DATA TO USE:
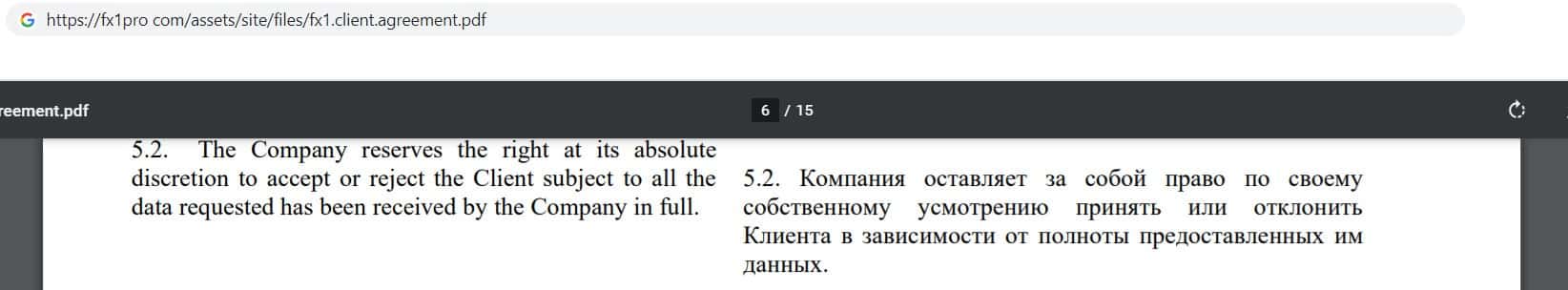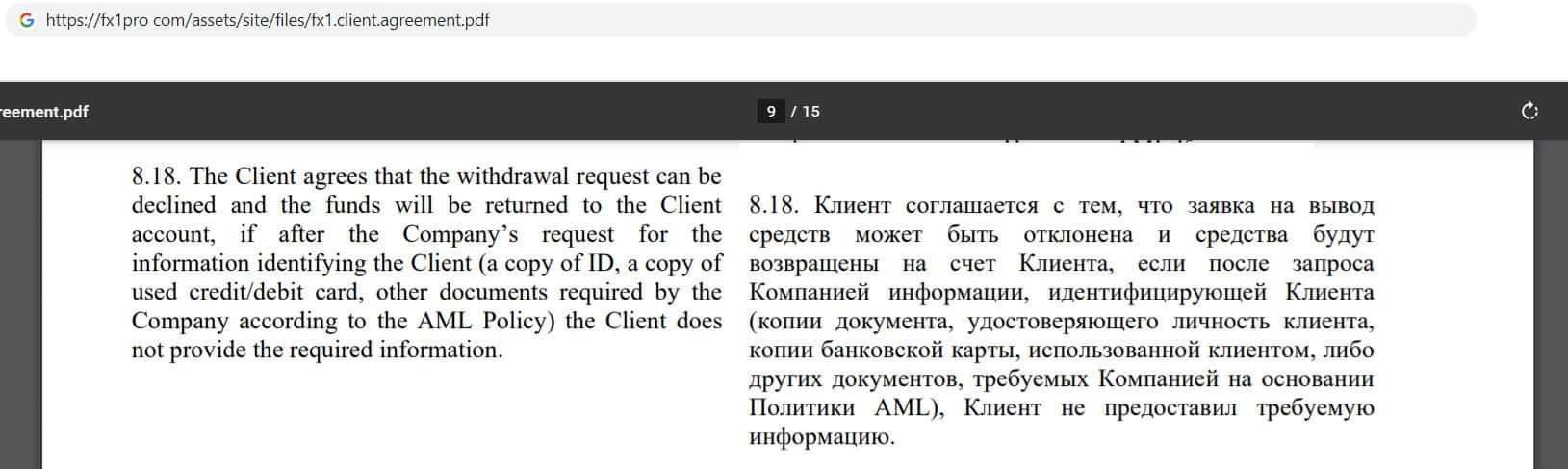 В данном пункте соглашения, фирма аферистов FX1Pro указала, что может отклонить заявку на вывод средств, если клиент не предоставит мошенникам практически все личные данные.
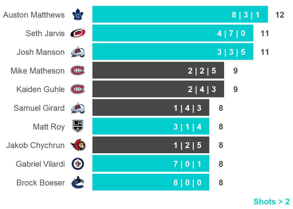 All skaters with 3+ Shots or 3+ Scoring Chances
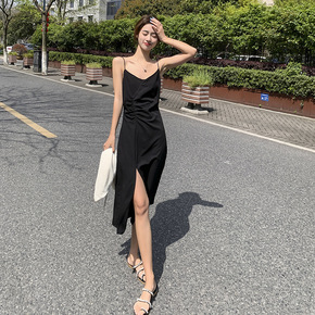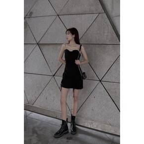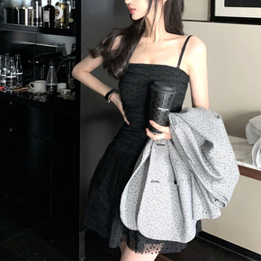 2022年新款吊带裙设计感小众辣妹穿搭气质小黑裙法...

==

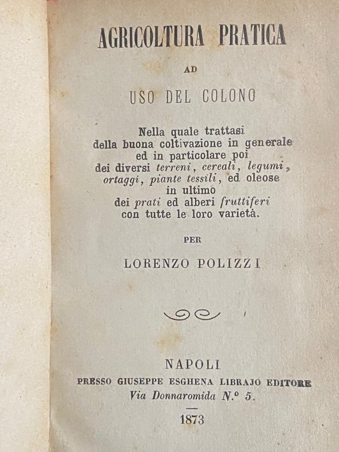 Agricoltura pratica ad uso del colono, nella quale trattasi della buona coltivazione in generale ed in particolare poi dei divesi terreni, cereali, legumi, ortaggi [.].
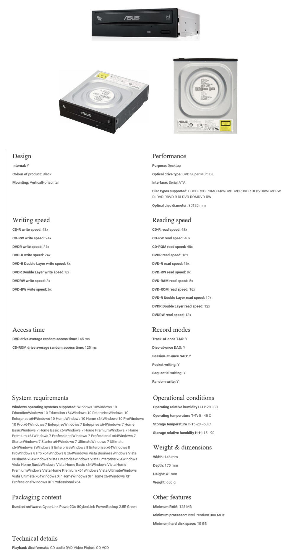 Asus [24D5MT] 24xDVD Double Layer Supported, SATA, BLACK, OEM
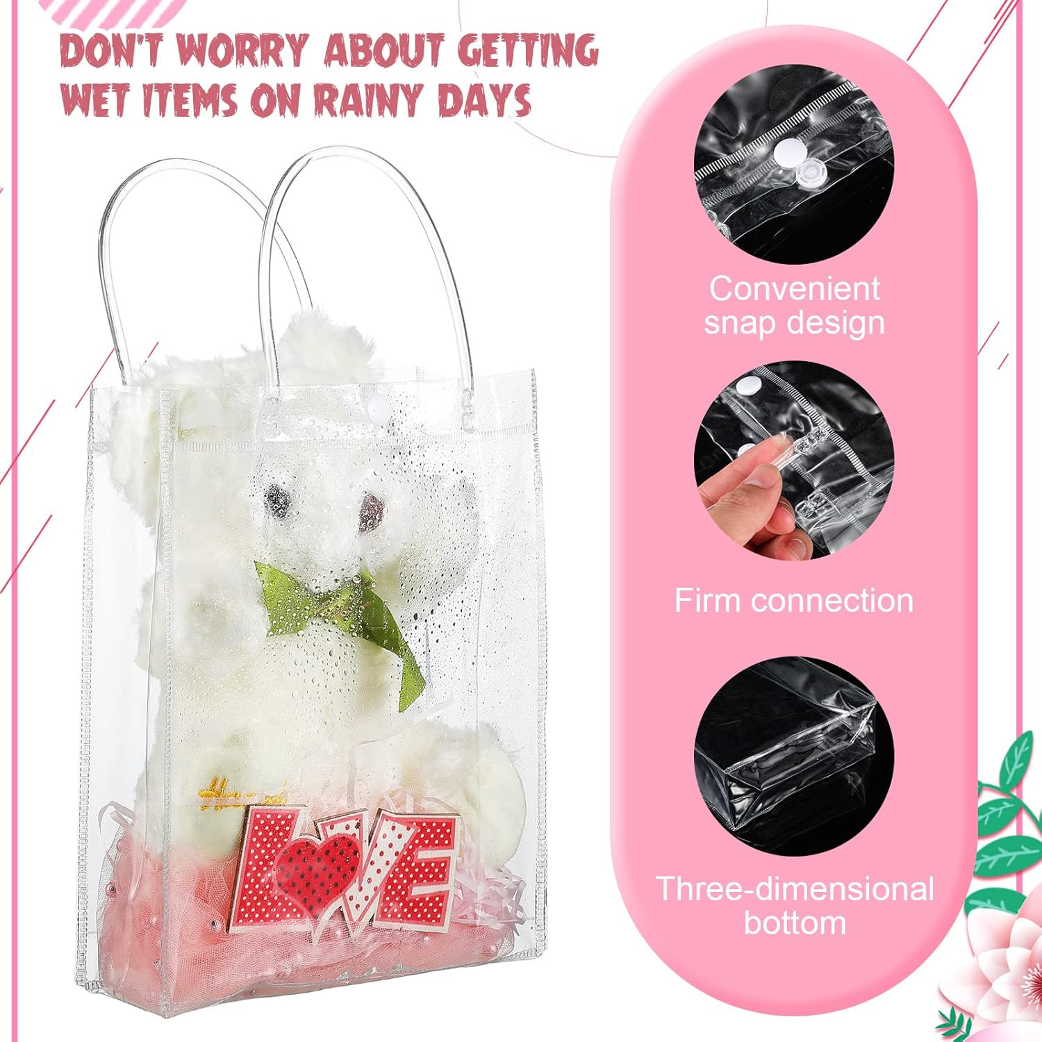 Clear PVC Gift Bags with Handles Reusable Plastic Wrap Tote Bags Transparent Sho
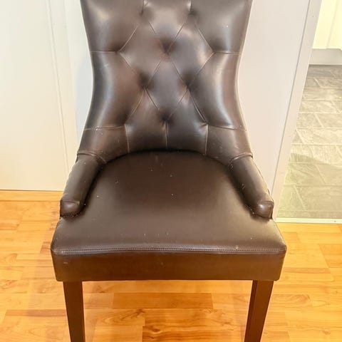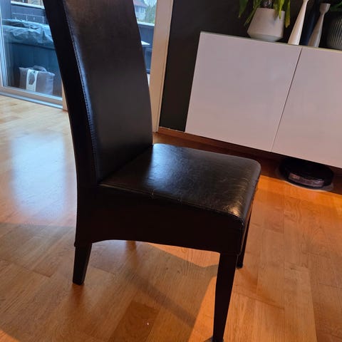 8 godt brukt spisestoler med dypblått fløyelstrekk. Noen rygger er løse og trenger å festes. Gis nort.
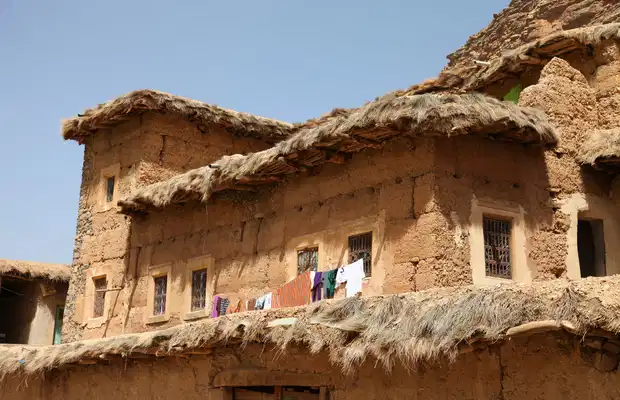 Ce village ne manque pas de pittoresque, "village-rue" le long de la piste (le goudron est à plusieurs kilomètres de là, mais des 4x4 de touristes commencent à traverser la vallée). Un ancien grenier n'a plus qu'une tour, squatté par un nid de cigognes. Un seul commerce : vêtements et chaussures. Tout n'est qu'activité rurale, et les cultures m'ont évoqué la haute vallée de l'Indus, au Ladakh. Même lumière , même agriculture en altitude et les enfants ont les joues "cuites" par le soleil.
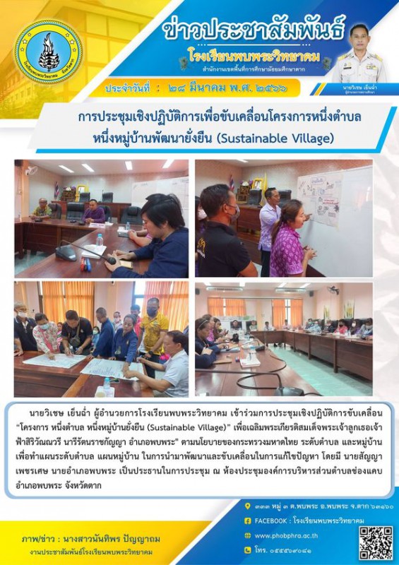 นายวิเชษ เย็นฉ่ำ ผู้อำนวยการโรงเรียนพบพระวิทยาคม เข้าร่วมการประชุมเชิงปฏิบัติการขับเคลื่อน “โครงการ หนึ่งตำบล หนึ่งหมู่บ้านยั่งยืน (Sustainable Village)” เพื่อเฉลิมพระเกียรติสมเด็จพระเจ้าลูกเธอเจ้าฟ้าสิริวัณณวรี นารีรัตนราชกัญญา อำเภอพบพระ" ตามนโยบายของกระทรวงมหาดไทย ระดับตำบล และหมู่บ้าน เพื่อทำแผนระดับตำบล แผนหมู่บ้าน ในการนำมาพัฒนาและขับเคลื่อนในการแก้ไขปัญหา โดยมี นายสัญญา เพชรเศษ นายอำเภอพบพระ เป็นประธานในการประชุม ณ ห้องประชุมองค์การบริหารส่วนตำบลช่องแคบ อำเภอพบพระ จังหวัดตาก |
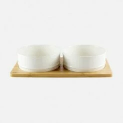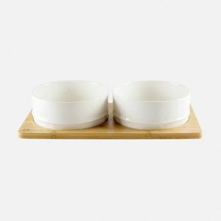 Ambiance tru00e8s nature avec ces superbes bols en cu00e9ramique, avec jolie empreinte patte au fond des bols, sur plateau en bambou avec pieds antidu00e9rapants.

PROMPT: In the listing above, find the line holding "В данном пункте" and the line holding "2022年新款吊带裙设计感小众辣妹穿搭气质小黑裙法...". Reproduce those two lines and all between them exactly, leaving out pictures.

EXERCISE OUTPUT:
 В данном пункте соглашения, фирма аферистов FX1Pro указала, что может отклонить заявку на вывод средств, если клиент не предоставит мошенникам практически все личные данные.
 All skaters with 3+ Shots or 3+ Scoring Chances
 2022年新款吊带裙设计感小众辣妹穿搭气质小黑裙法...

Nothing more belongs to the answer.